Nothing outside the range is to be copied. From the entries below, reproduce exactly the lines starting at the one with "cutting edge. |" and ending at the one with "Bumper Scrapes, Windscreen", without pictures.

§ **EXTRACTED DATA**
# # # # # # #

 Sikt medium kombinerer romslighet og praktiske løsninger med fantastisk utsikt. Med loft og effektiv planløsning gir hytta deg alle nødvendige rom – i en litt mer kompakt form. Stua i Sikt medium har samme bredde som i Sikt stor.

# # # # # # #

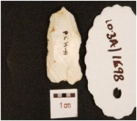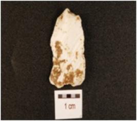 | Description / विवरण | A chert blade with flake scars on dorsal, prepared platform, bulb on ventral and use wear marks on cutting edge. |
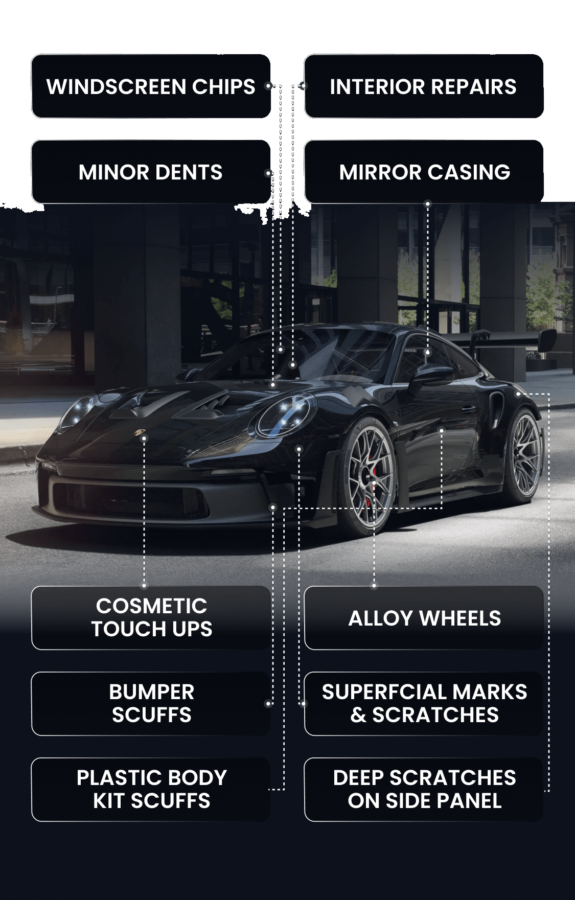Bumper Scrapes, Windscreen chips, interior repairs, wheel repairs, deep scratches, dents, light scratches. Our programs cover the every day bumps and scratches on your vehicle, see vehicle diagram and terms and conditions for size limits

# # # # # # #

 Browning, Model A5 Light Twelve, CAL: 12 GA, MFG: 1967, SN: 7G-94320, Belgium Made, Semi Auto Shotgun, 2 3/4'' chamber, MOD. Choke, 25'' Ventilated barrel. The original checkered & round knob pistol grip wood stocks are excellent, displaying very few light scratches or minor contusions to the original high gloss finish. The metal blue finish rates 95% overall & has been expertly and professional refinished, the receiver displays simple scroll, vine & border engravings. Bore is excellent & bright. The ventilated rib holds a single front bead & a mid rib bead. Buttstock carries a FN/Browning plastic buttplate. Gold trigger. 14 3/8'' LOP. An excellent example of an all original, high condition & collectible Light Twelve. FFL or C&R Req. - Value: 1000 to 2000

# # # # # # #

§ **RESPONSE**
 | Description / विवरण | A chert blade with flake scars on dorsal, prepared platform, bulb on ventral and use wear marks on cutting edge. |
Bumper Scrapes, Windscreen chips, interior repairs, wheel repairs, deep scratches, dents, light scratches. Our programs cover the every day bumps and scratches on your vehicle, see vehicle diagram and terms and conditions for size limits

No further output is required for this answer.